Пассажир в новом дорогом фиолетовом плаще и вельветовых брюках был – если не считать прозрачных, криво обрезанных, едва доходящих до щиколоток носков – вызывающе бос. Он не походил на стянувшего несколько купюр и быстро приодевшегося бомжа, хотя и пытался, подобно этим наглым тварям, пристроить свои ступни – черно-багровые, просвечивающие сквозь тоненькие носки, – куда-то повыше чисто выметенного машинного коврика.

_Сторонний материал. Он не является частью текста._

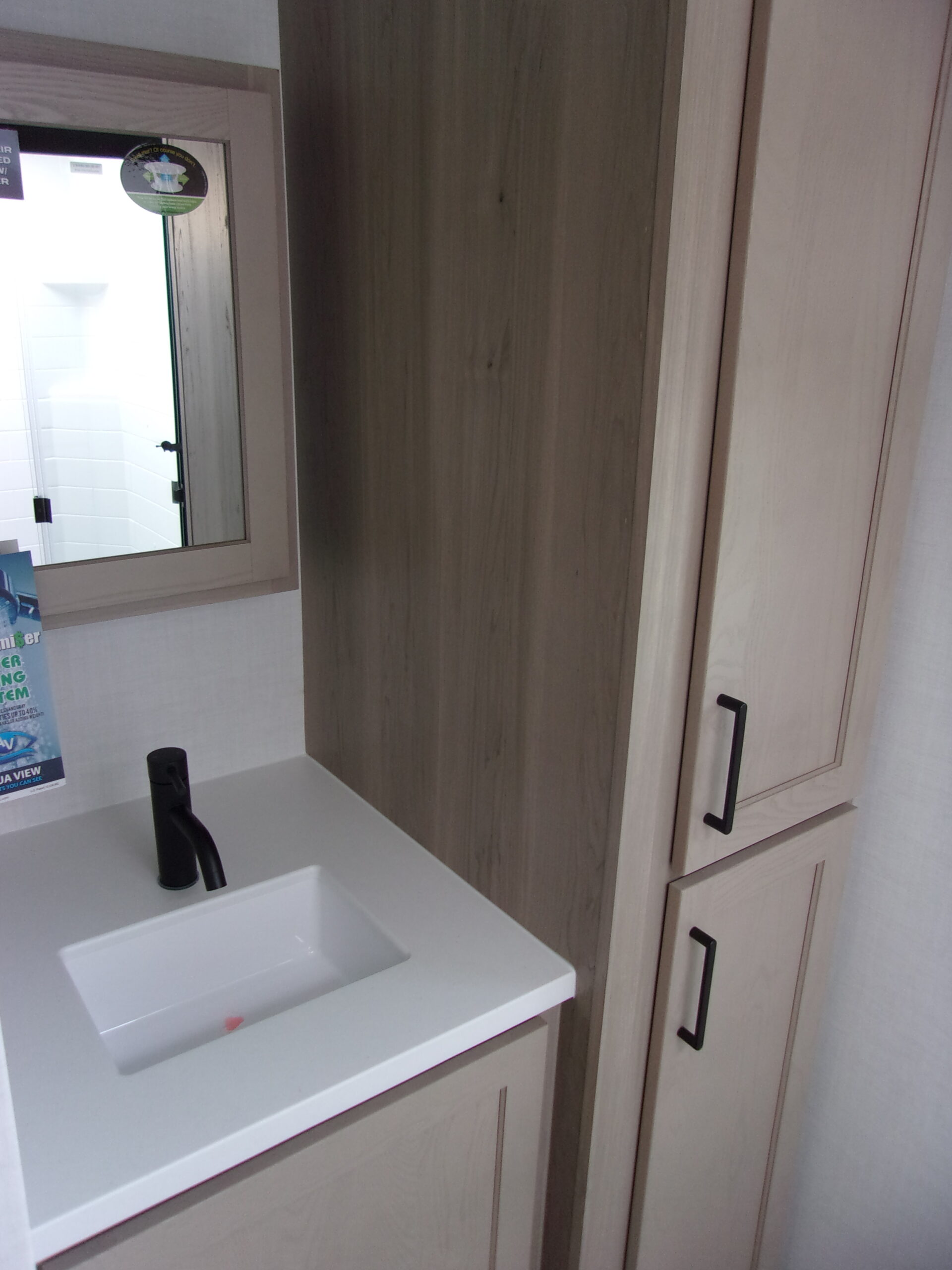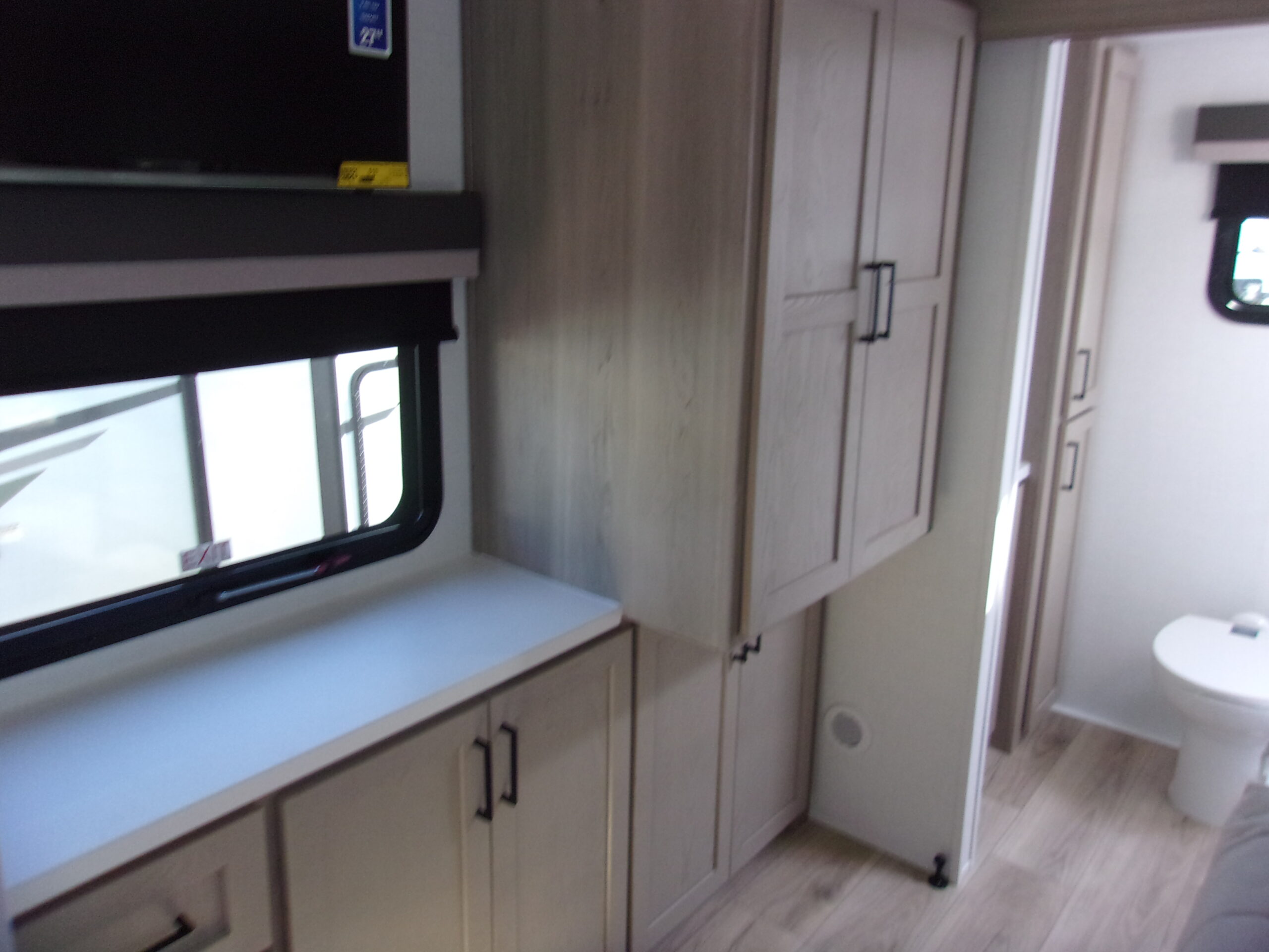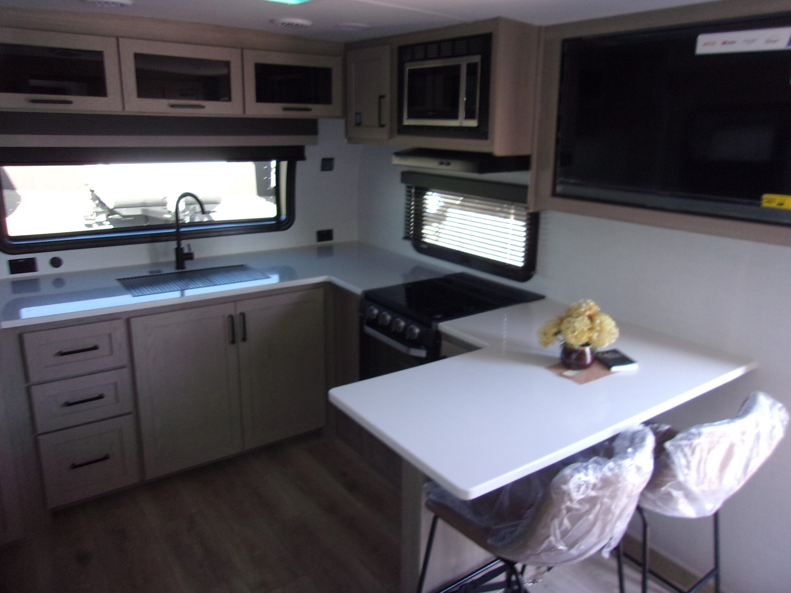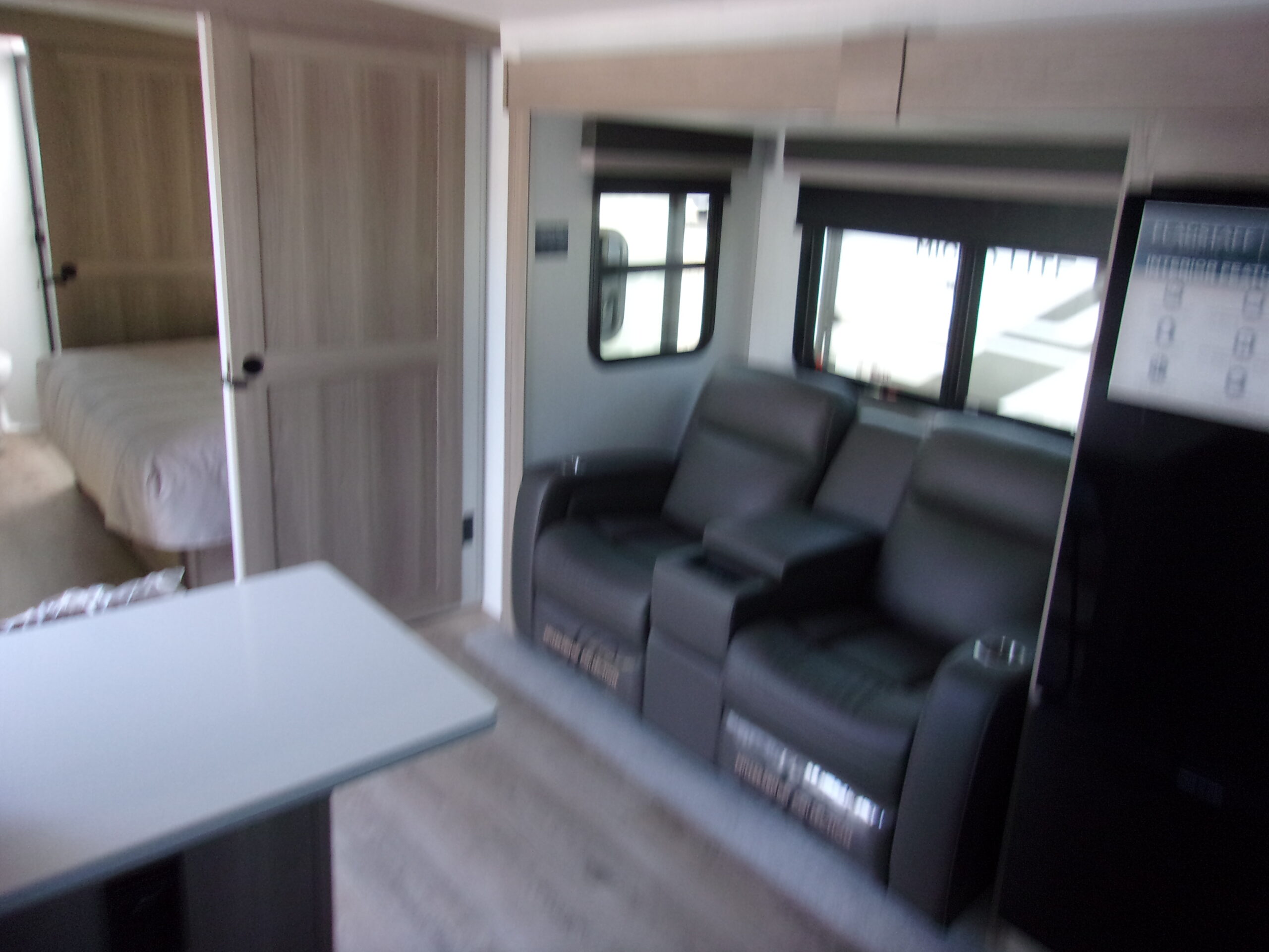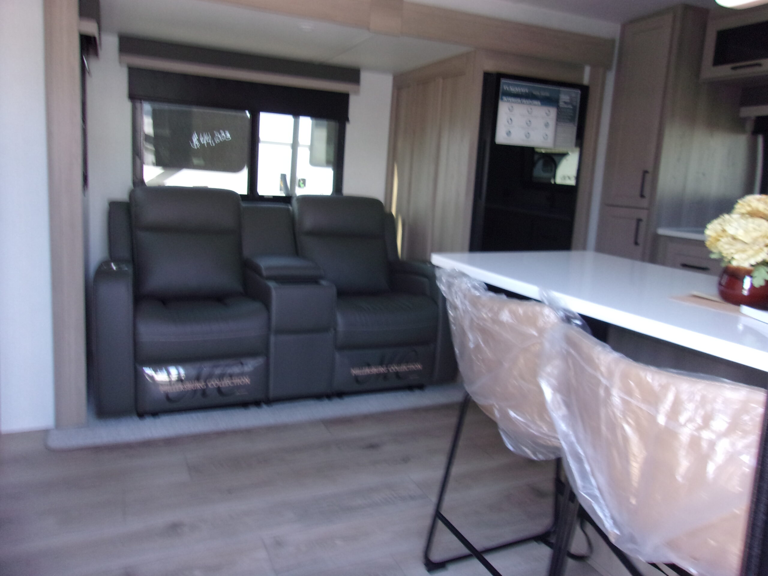 The front kitchen with a large window creates an open, inviting feel with great campsite views. Theater seating faces the entertainment center for easy viewing, with an optional hide-a-bed for guests. The bedroom includes a queen bed in a slide-out, dresser, and wardrobe with washer/dryer prep. A spacious bathroom with a large shower and linen storage adds comfort and convenience, making this coach feel like home.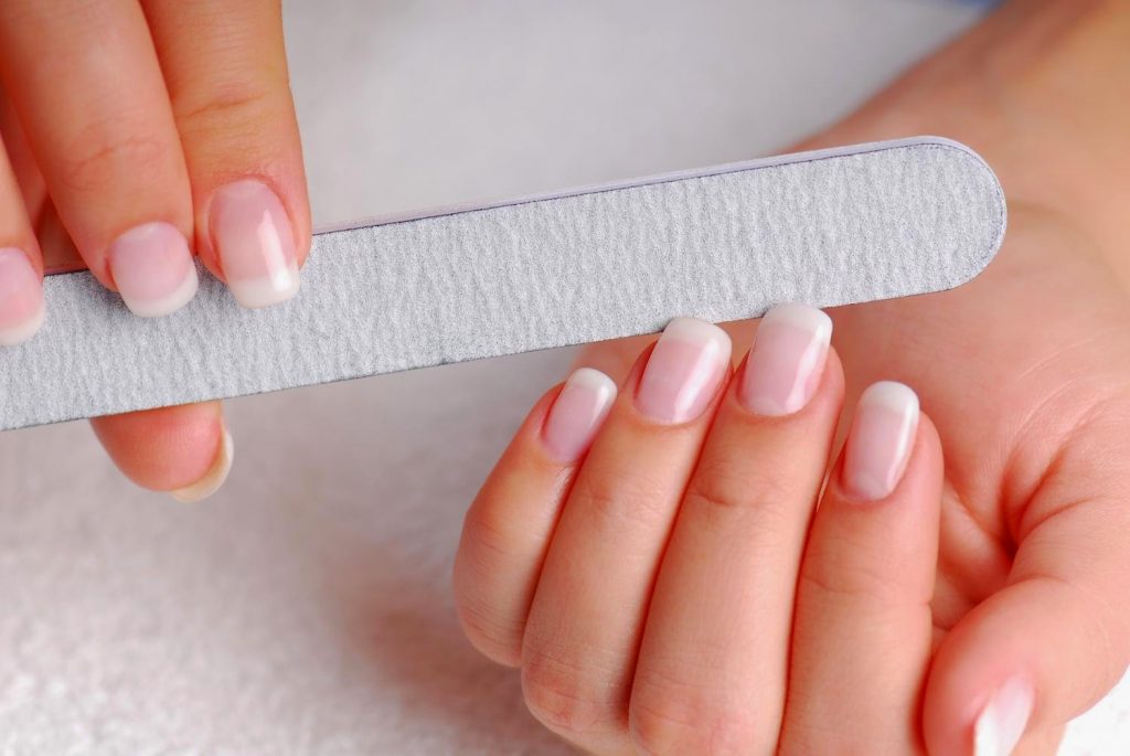 Die meiste Zeit drehen sich ein bisschen länger als Ihre natürlichen Nägel, was bedeutet, dass Sie einige übermäßige Nagelverlängerungen haben, um loszuwerden. Fassen Sie sie einfach ab, um zusätzliche Länge zu entfernen, und der Rest des Verfahrens wird noch schneller. Wenn Ihre Tauchpulvernägel kurz sind - einfach diesen Schritt überspringen.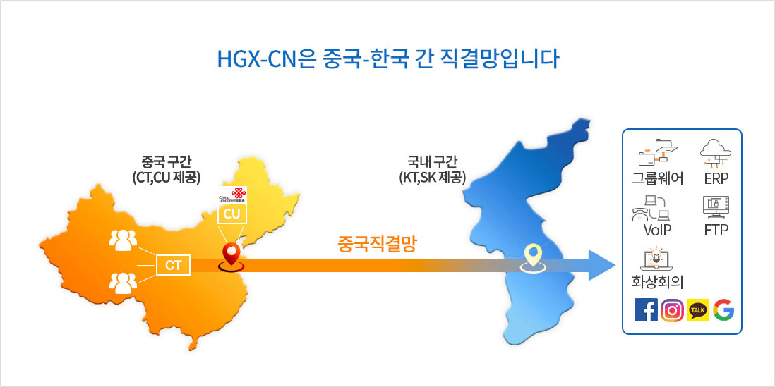 중국 주요 유선 사업자인 CT(China Telecom) / CU(China Unicom)를 통한 HGX 전용 회선 구성으로
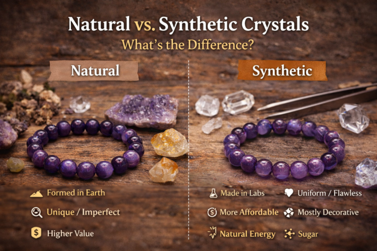 When shopping for crystal bracelets, one of the most common questions is:Are these crystals natural or synthetic? Understanding the difference is essential—not only for quality but also for value and authenticity. In this guide, we’ll break down everything you need…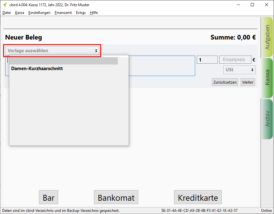 Im Kassenbereich können Sie nun unter "Vorlage auswählen" aus der Liste eine Vorlage wählen und zum Beleg hizufügen.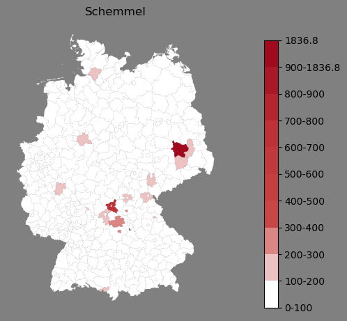 Relative Verteilung des Namens Schemmel (1996)Direkt zur Karte Die Farbskala zeigt die Anzahl von "Schemmel" bezogen auf je 1 Million Einträge. |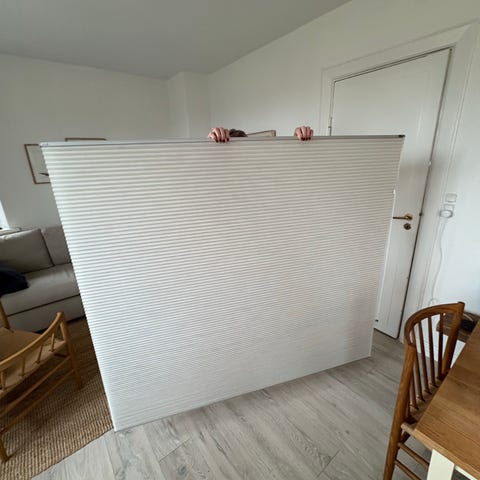 Vi sælger vores Faber plissegardiner, som er nedtaget fra et Lind & Risør hus. De fremstår i meget god stand og er en nem måde at få et gennemført udtryk og god afskærmning.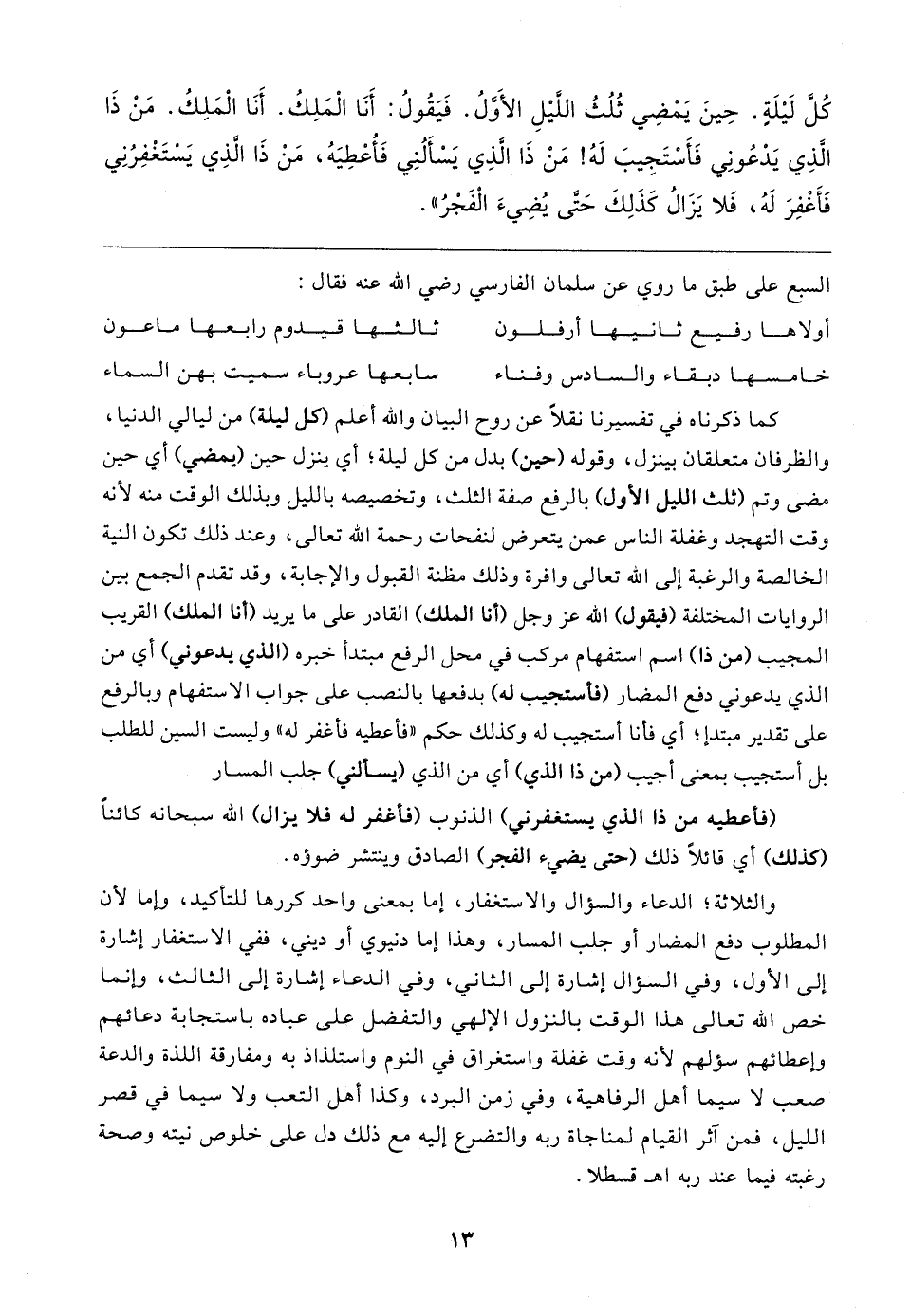 كُل لَيلَةٍ. حِينَ يَمْضِي ثُلُثُ الليلِ الأولُ. فَيَقُولُ: أَنَا الْمَلِكُ. أَنَا الْمَلِكُ. مَنْ ذَا الَّذِي يَدْعُونِي فَأسْتَجِيبَ لَهُ! مَنْ ذَا الذِي يَسْأَلُنِي فَأُعْطِيَهُ، مَنْ ذَا الذِي يَسْتَغْفِرُنِي فَأَغْفِرَ لَهُ، فَلا يَزَالُ كَذَلِكَ حَتى يُضِيءَ الْفَجْرُ"

Но даже не эти пачкавшие обивку машины ступни раздражали и мучили шофера. Раздражало и мучило выражение лица уплатившего за оба конца пассажира. Водителю все время казалось: сидящий выкинет сейчас что-то постыдное, гнусное…
«Рвань… Поз-з-зорник…» – таксист еще раз украдкой глянул на пассажира. Однако тот углубился в свои мысли и внимания на окружающее не обращал, лишь изредка вздрагивая и бормоча себе под нос что-то вроде: «Там… за стеной, за забором… Хриплое… Невыносимое… Тяжкое…»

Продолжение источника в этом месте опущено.